The Gardner Lab has both a clinical focus in transplant surgery as well as a basic science focused Immunology lab in the UCSF Diabetes Center. Fundamentally, we are interested in understanding the basic mechanisms of self-tolerance in the adaptive immune system, and how characterizing that biology might eventually translate into improved therapeutics in autoimmunity, transplantation, and tumor immunotherapy. In particular our lab focuses on the biology and function of a unique population of dendritic cells expressing the Autoimmune Regulator (Aire) gene, and we have shown these cells to be potent inducers of immunologic tolerance.

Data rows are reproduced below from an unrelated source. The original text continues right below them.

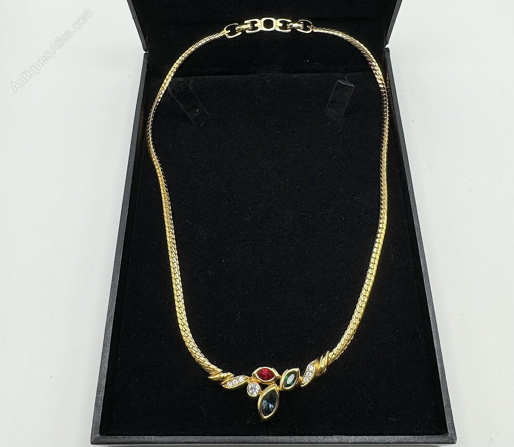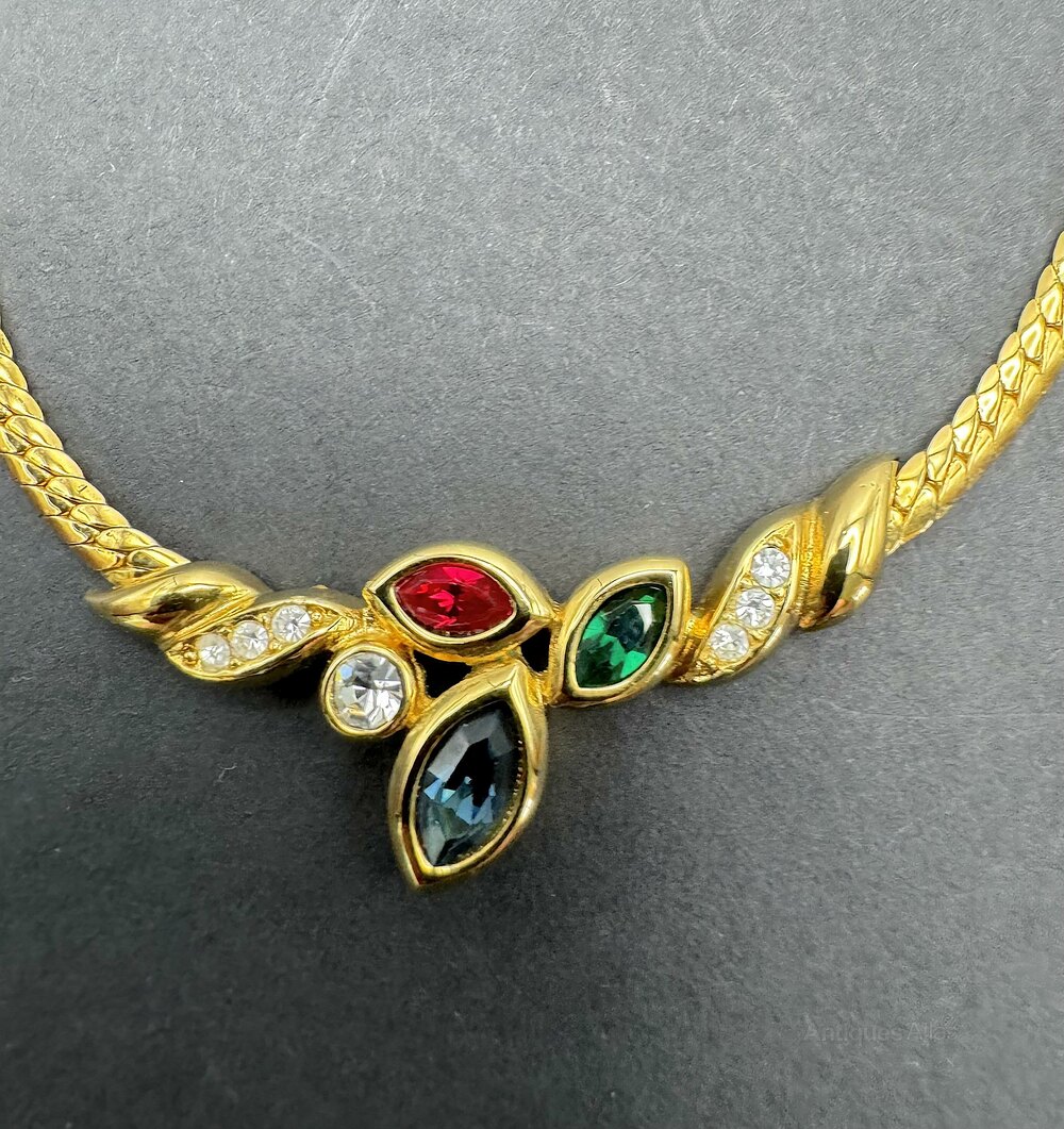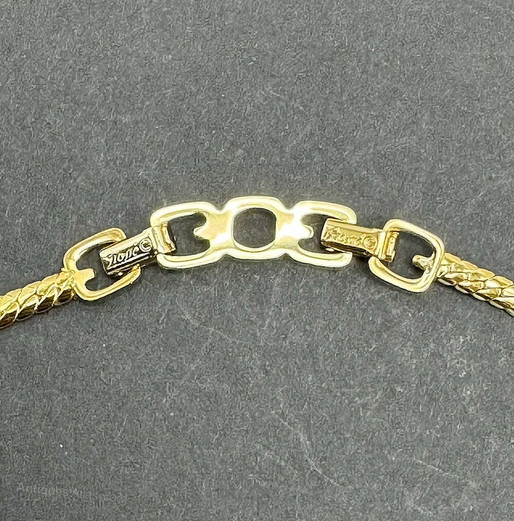 This very striking omega Henkel and Grossé Necklace consists of very attractive snake chain with a central rhinestone and red, green and blue glass gemstone motif. The Necklace is completed by a typical Grossé signed clasp incorporating an a removable chin extender.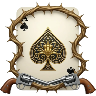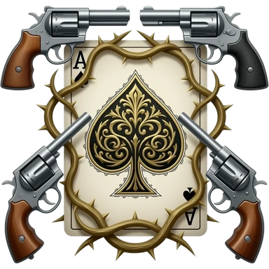richly ornamented spade ace surrounded by tendrils of thorns and antique 1851 Navy Revolvers and Rickenbacker Motorhead MODEL 4003SW emoji
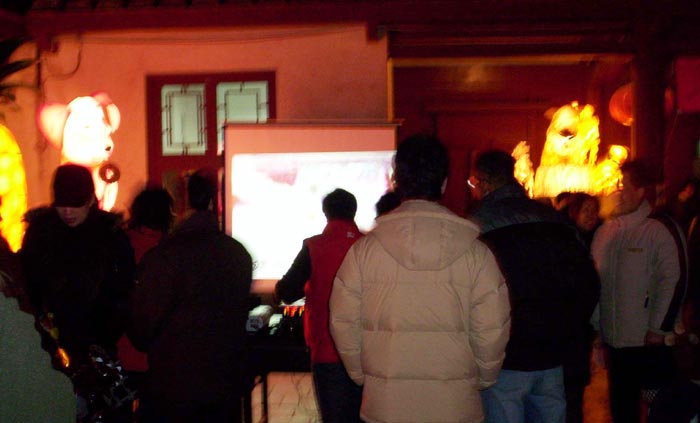 在总兵署入口的墙面,学员们架起了大萤幕,影片一片片的播放,有缘人一个个的走近,也更了解大法的洪传及在中国的不人道迫害。正播到反迫害的画面时,一位小男孩目不转睛的盯着萤幕看了许多,专心而沉稳,特别引人注目。
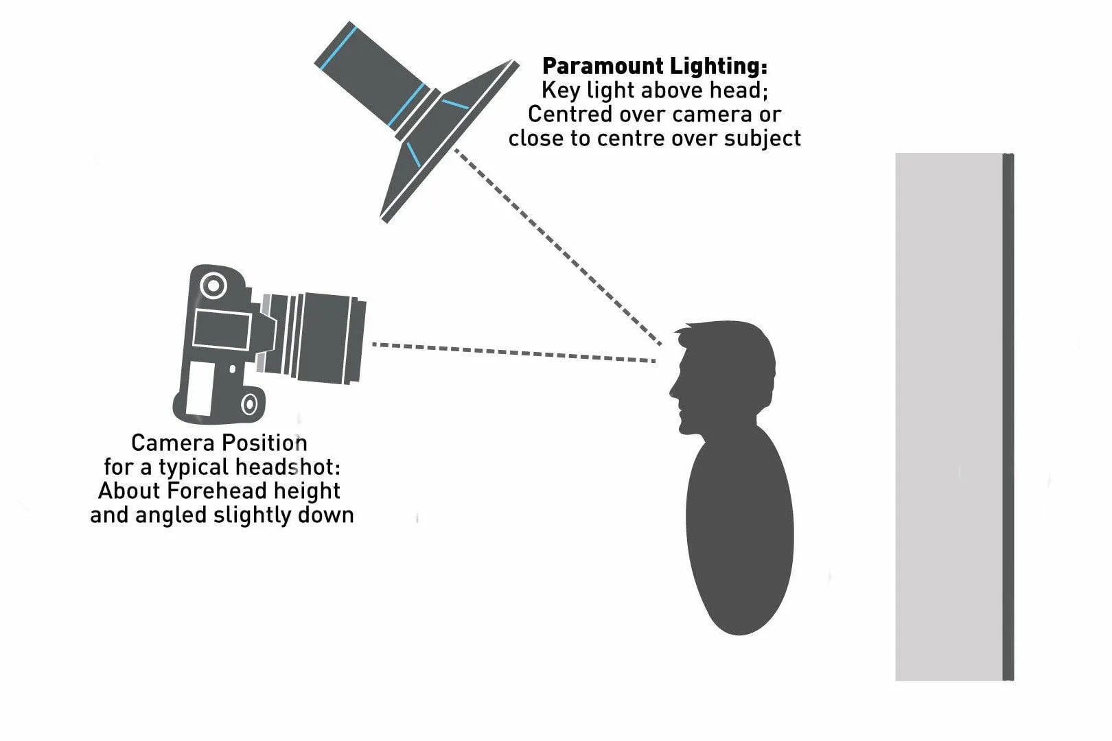 For clarity, take a look at this butterfly lighting diagram, and then we will discuss it in more detail: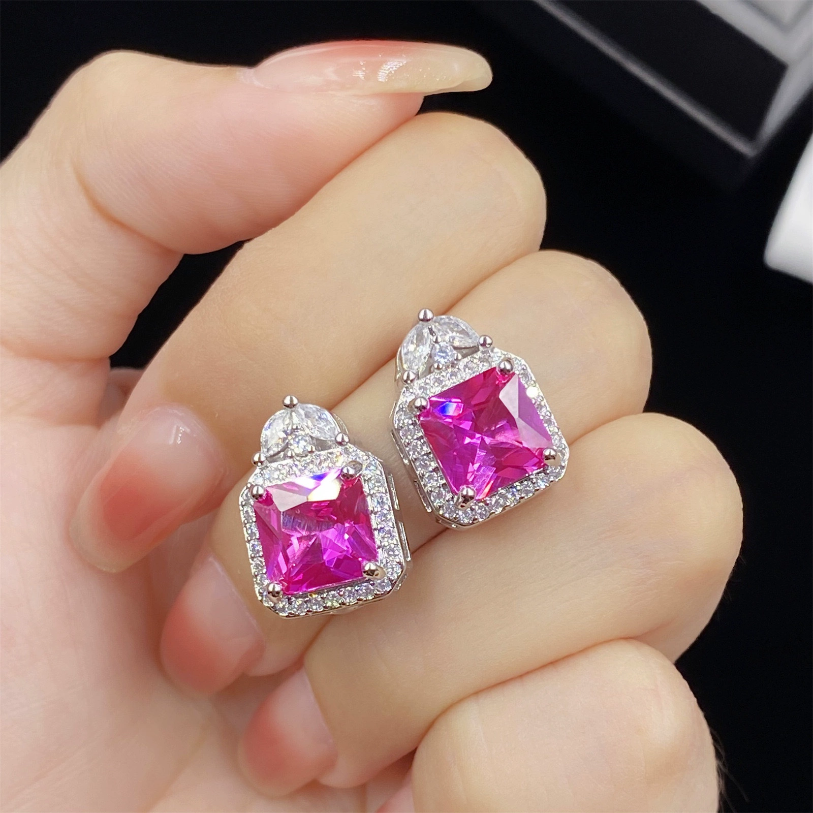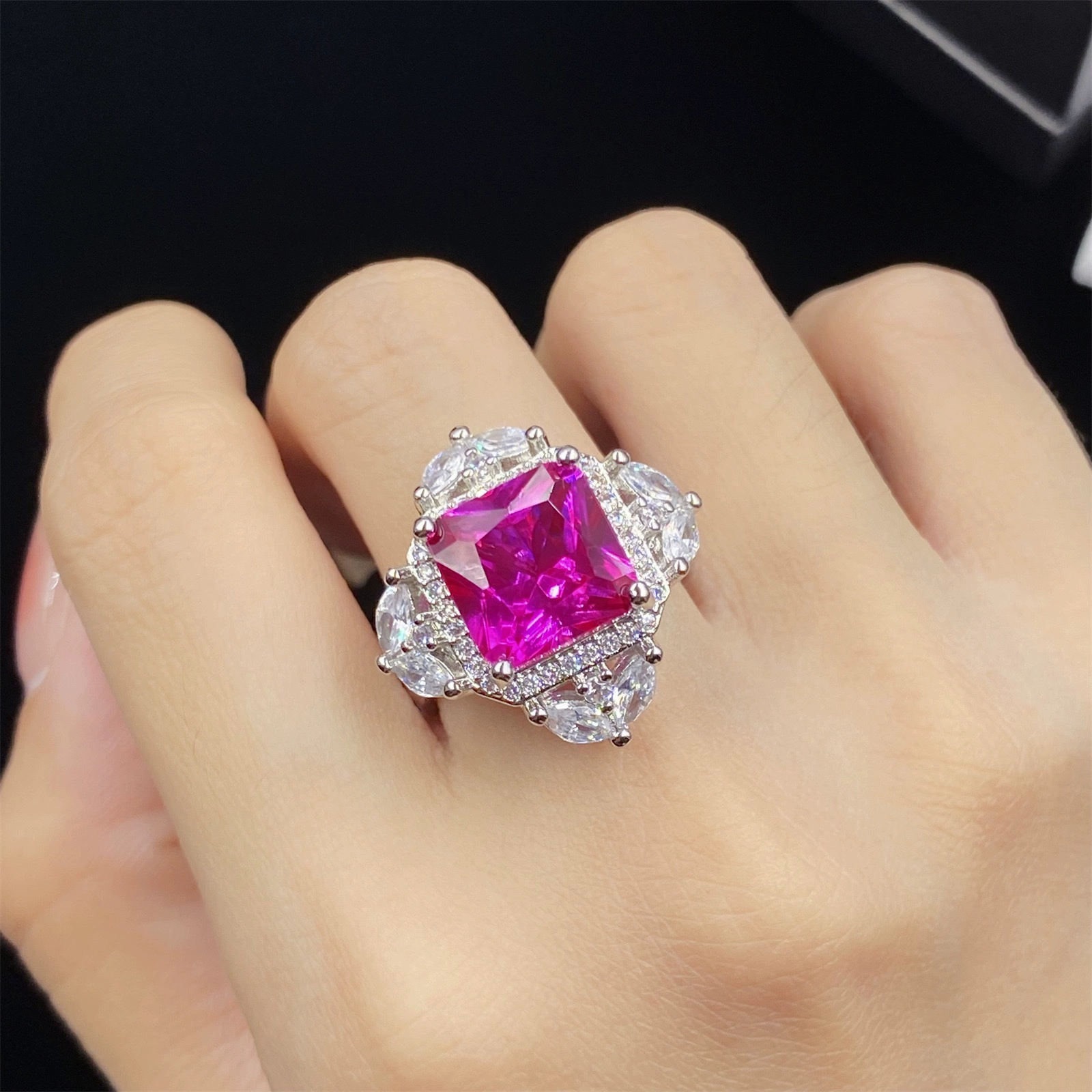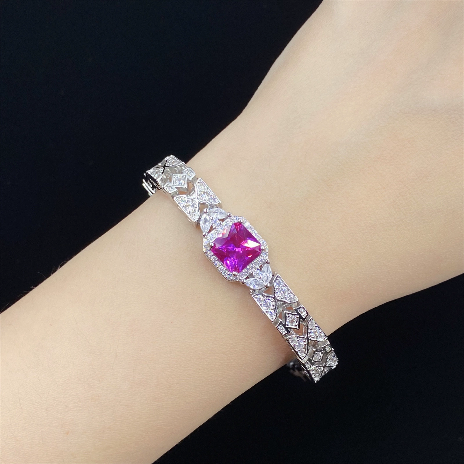 | nameOriginal | High-end celebrity style imitation red corundum full of diamonds four-piece set princess open ring female pendant earrings bracelet set |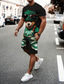 Herren Grafik Tarnung 2St T-Shirts-Sets Passende Sets Kurzarm Kurze Hosen Rundhalsausschnitt Designer Lässig Bequem Outdoor Urlaub Täglich 3D-Druck Frühling & Sommer Blau Rot Khaki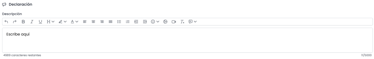 2. Utiliza el cuadro de texto para escribir el enunciado de la pregunta, las instrucciones y cualquier otra información que consideres necesaria. Ajusta la formatización del texto utilizando los íconos (negrita, cursiva, colores de fondo, colores de texto, alineación, etc.).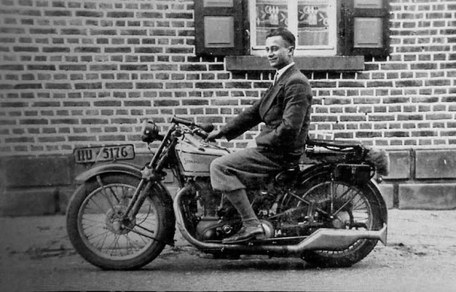 Add Your Photos!Many thanks to Jeffrey Miller for this picture. It shows his wife Trish’s Great Uncle Alfred Friedel. He was born around 1900 in Germany. The photo was taken sometime around 1930 in Kahl/Main Germany. The motorcycle is a German built Standard. Alfred’s expression says it all.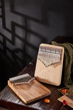 Kalimba de madera con 17 teclas de acero. Es completamente lisa para que puedas personalizarla tú mismo, grabándola o pintándola.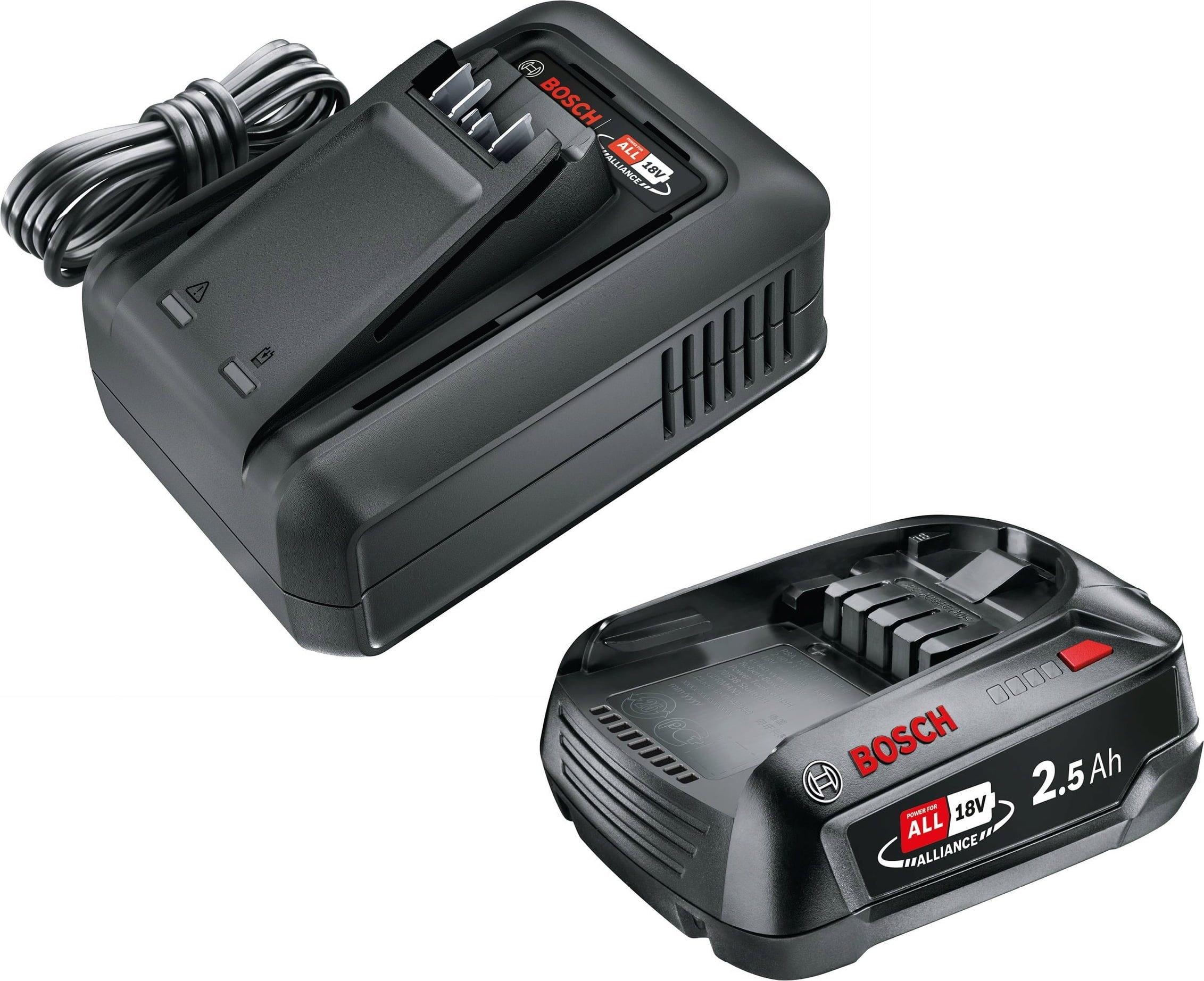 With this starter kit, you get the perfect foundation for your entire range of tools in the home and garden. The set combines a lightweight, handy 2.5 Ah battery with a high-performance quick charger that offers a massive 47% more power than its predecessor. As part of the POWER FOR ALL ALLIANCE, this battery is your universal key to over 150 devices from more than 10 top brands - one system for everything, from grass trimmers to household appliances.

The Gaw Lab focuses on the placental response to perinatal infections and biological correlates of clinical outcomes from a histopathologic and molecular approach. We have three main lines of research in our laboratory- malaria in pregnancy, Zika infection in the placenta, and SARS-CoV2 infection in pregnancy. All areas are unified by the goal of understanding how inflammatory responses at the maternal-fetal interface influence pregnancy outcomes. Our work leverages unique patient samples prospectively collected in endemic regions through successful collaborations, and have great potential to bridge the gap between molecular technologies, human responses to infection, and clinical outcomes. These studies will identify novel mechanisms of pathogenesis and potential pathways for therapeutic intervention to prevent the adverse consequences of these perinatal infections.